November 6, 2019

What yesterday's elections mean for health care

Daily Briefing

    The results are pouring in for Tuesday's gubernatorial and legislative elections held in Kentucky, Mississippi, and Virginia—and they suggest Medicaid changes could be coming in some of those states.

    Related: Where the 2020 Democratic candidates stand on health policy

    Kentucky's likely governor-elect vows to rescind Medicaid work requirements

    In Kentucky, Attorney General (AG) Andy Beshear (D) on Tuesday declared victory over current Gov. Matt Bevin (R). As of Tuesday night, Beshear held a lead of 5,333 votes over Bevin, out of the more than 1.4 million votes that had been counted, according to the Associated Press. However, Bevin as of Wednesday morning had not conceded the race, which means there could be a recount.

    A victory for Beshear likely puts an end to Kentucky's Medicaid work requirements, as Beshear on Tuesday said, during his first week in office as Kentucky's governor, he would rescind the Medicaid waiver that grants the state permission to implement the work requirements.

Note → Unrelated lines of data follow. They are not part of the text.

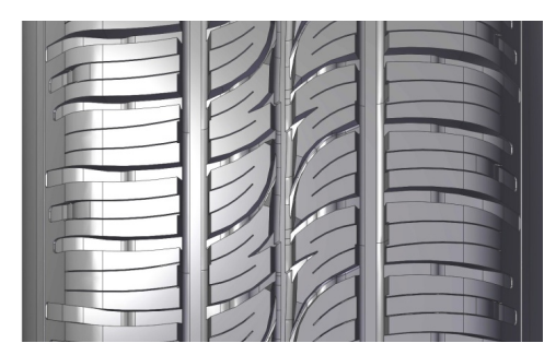
Tire width of 205 mm
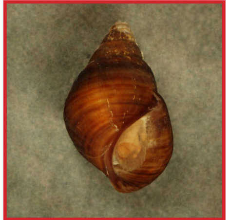
RIGHT-HANDED GILLED SNAIL
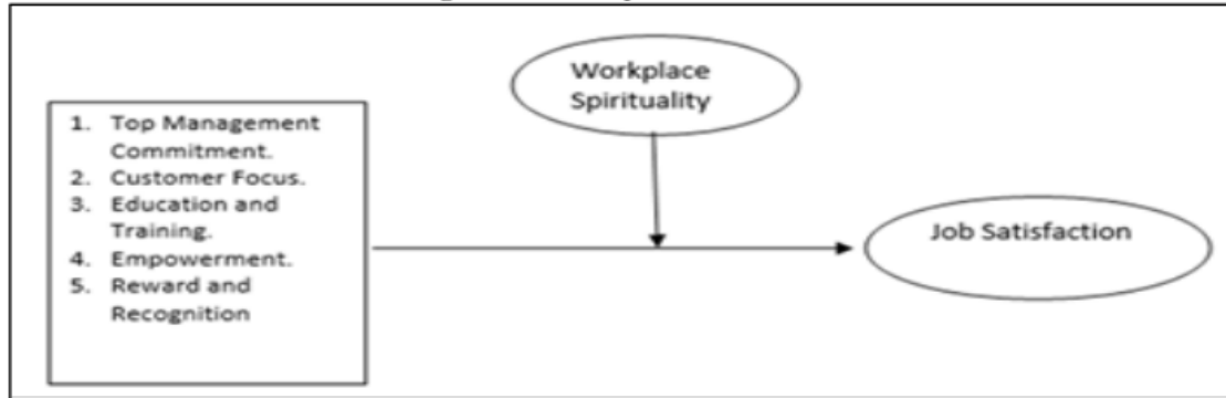
Figure 1: Conceptual Framework
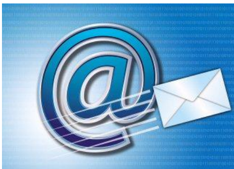
Mailing Lists and Blogs
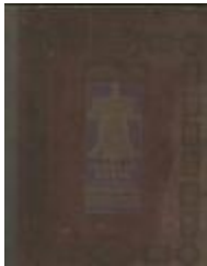
Archival Material (AR AHEPA Con Books) NHM Archives
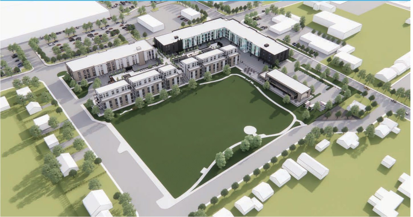
Stakeholders in the Central Bench area provided feedback regarding the future site design
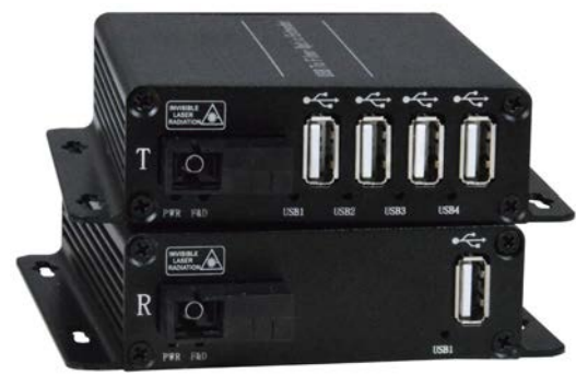
USB2-FOSC-4 (Remote and Local Unit)

The XTENDEX® 4-Port USB 2.0 Extender via Fiber Optic Cable extends four USB devices up to 820 feet (250 meters) using a single SC singlemode or multimode fiber optic cable. Each extender consists of a local unit that connects to a computer, and a remote unit that connects to four USB devices. The local and remote units are interconnected via a single-strand SC singlemode or multimode fiber optic cable.
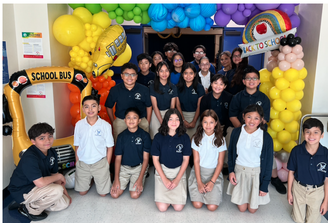
MESSAGE FROM THE PRINCIPAL AUGUST 23, 2023

We strive to provide a curriculum infused with a spirituality which nurtures openness, growth, the ability to adapt to change, and a gentleness and respect toward all God's creation.

    The Kentucky requirements, which currently are blocked by a federal court, were a centerpiece of Gov. Bevin's re-election campaign. Bevin's administration and other supporters of work requirements argue that they help Medicaid beneficiaries find employment and can help to improve beneficiaries' overall health and wellbeing by lifting them out of poverty.

    But others have argued that Medicaid work requirements impose barriers to coverage for low-income individuals and can cause coverage losses.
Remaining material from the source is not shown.